To match an actual period (or other meta-character) we need to escape with a backslash. Thus, we use the regular expression \\.

c(powers, "umich.edu")[grep("\\.", c(powers, "umich.edu"))]

[1] "umich.edu"

The double backslash is needed because the regular expression itself is passed as a string and strings also use backslash as an escape character. This is also important to remember when building file paths as strings on a Windows computer. In other languages, you generally only need a single backslash in your regular expression.

Matched values can be grouped using parentheses () and referred back to in the order they appear using a back reference \\1.

## find all powers with a repeated letter
head(powers[grep("(.)\\1", powers)])

[1] "enhanced speed"     "blood manipulation" "cell manipulation" 
[4] "immutability"       "supernatural blood" "360-degree vision"

## find all powers with a repeated letter but exclude double e or o
head(powers[grep("([^eo])\\1", powers)])

[1] "cell manipulation"    "immutability"         "enhanced smell"      
[4] "hyper awareness"      "immortality"          "contaminant immunity"

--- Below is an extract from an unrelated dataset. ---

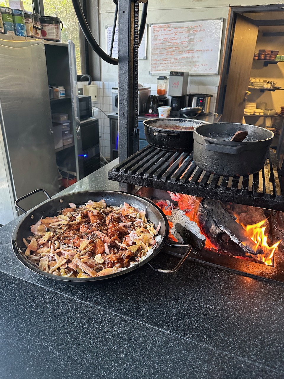 敢えて「原始的な」雰囲気のそのキッチンの、得も言われぬ魅力的な様子! 「まかない飯」のおいしそうなこと! 長時間の蒸し焼き料理にも使うという釜の燃料は、敷地内のマンゴーの木。……尽きない。
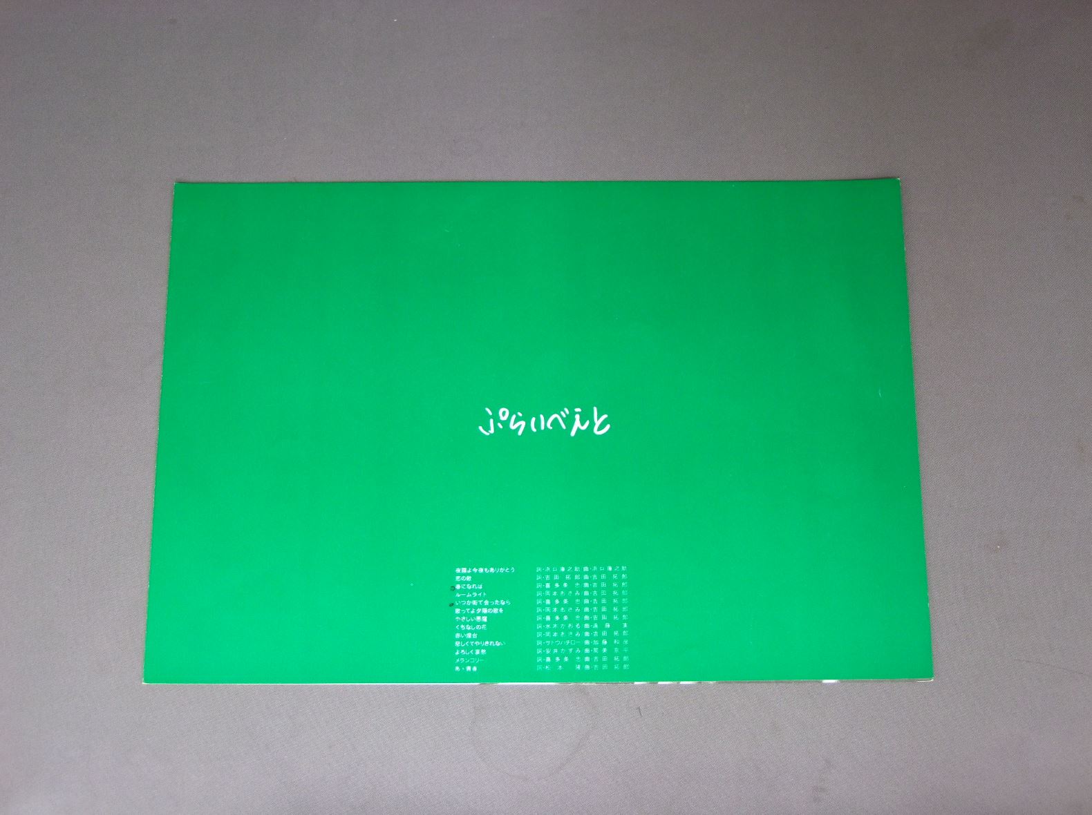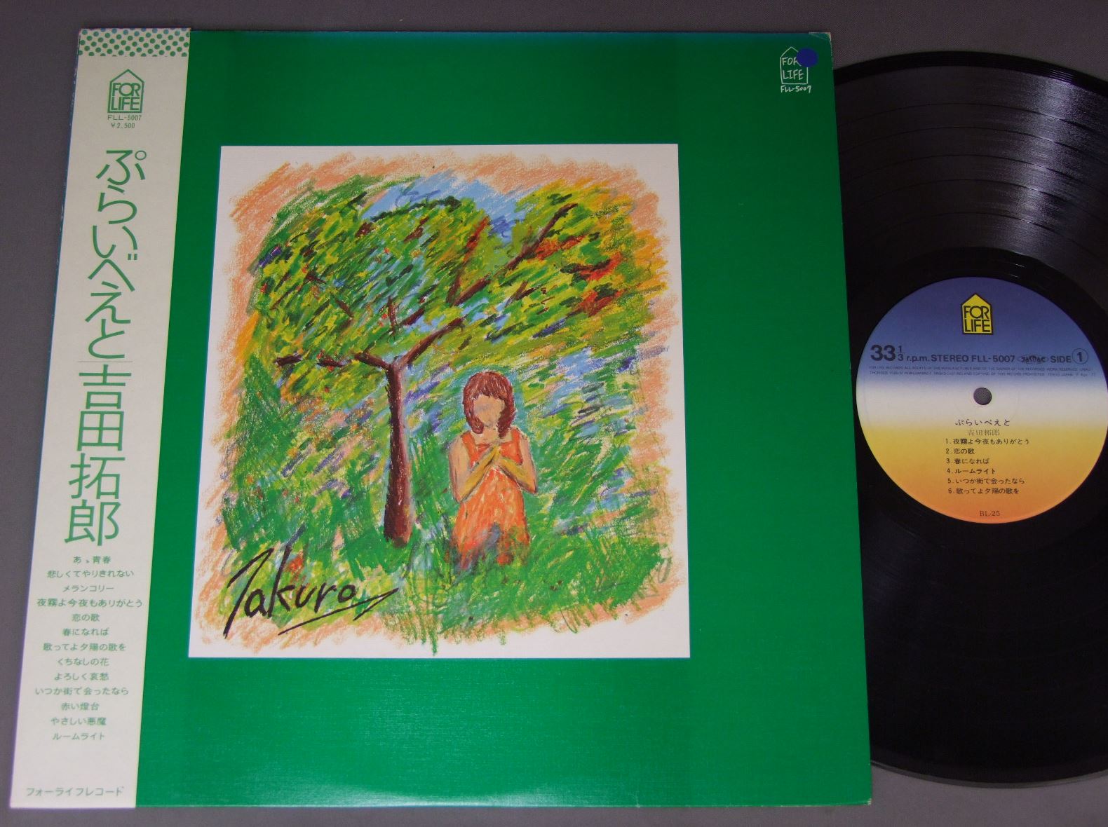 TAKURO YOSHIDA吉田拓郎/ぷらいべえと FLL5007 製造国:日本盤 / Media:LP外観:VG+盤の状態:EX帯:EX 価格(税込):¥550(売約済) 送料 7inch:定形外郵便 360円~LP:定形外郵便 660円~送料は、注文の最終画面で確認頂けます。 New Items > New Arrival Items of This Week > TAKURO YOSHIDA/ 外観 (VG+)特記事項:背にヨレ有、背や上ヘリにスレ有。表ジャケレコード取り出し口付近に日焼け。写真に有るもので全てです。外観VG+の共通説明:ダメージやや有り。シミ、ヨゴレ、スレなど多少~やや多め。 盤の状態 (EX)特記事項:薄いスリキズ・スレ少しある感じ。一見してきれいな感じです。盤EXの共通説明:盤面のスリキズが薄いものが少し~軽度 音に出そうなものは無いように見える(軽微なソフトティック音は除く)。 帯の状態 (EX):特記なし。 Tweet それぞれの画像をクリックすると、大きい写真が見られます こちらの商品もお勧めです 990円 TOI ET MOIトワ・エ・モワ / SORAYO空よ 3,080円 UTANOICHI唄の市 / 2nd ALBUMセカンド 1,650円 5 BALLOONS五つの赤い風船 / `75 880円 IRUKAイルカ / SHURIKUSUイルカのうた-イルカ・シュリークス時代 1,980円 FOLK CRUSADERSフォークル・クルセダーズ / FOLK CRUSADERS FAREWELL CONCERTフォークルさよならコンサート 770円 JIRO SUGITA杉田二郎 / 前夜 770円 OSAMU KITAYAMA北山修 / OSAMU KITAYAMA ALBUM戦争を知らない子供たち 北山修作詩集 1,650円 ITSUTSUNO AKAI FUSEN五つの赤い風船 / FOLK ALBUM NO1フォーク・アルバム第1集

## find all powers that end with a repeated letter
powers[grep("(.)\\1$", powers)]

[1] "enhanced smell"              "hyper awareness"            
[3] "accelerated thought process" "indomitable will"           
[5] "bullet hell"                 "enhanced cannon skill"      
[7] "enhanced chakram skill"

“stringr” package

The “stringr” re-implements these functions, and adds new functionality, trying to standardize them. If you are going to be manipulating a lot of strings, its worth considering using “stringr” instead of base R.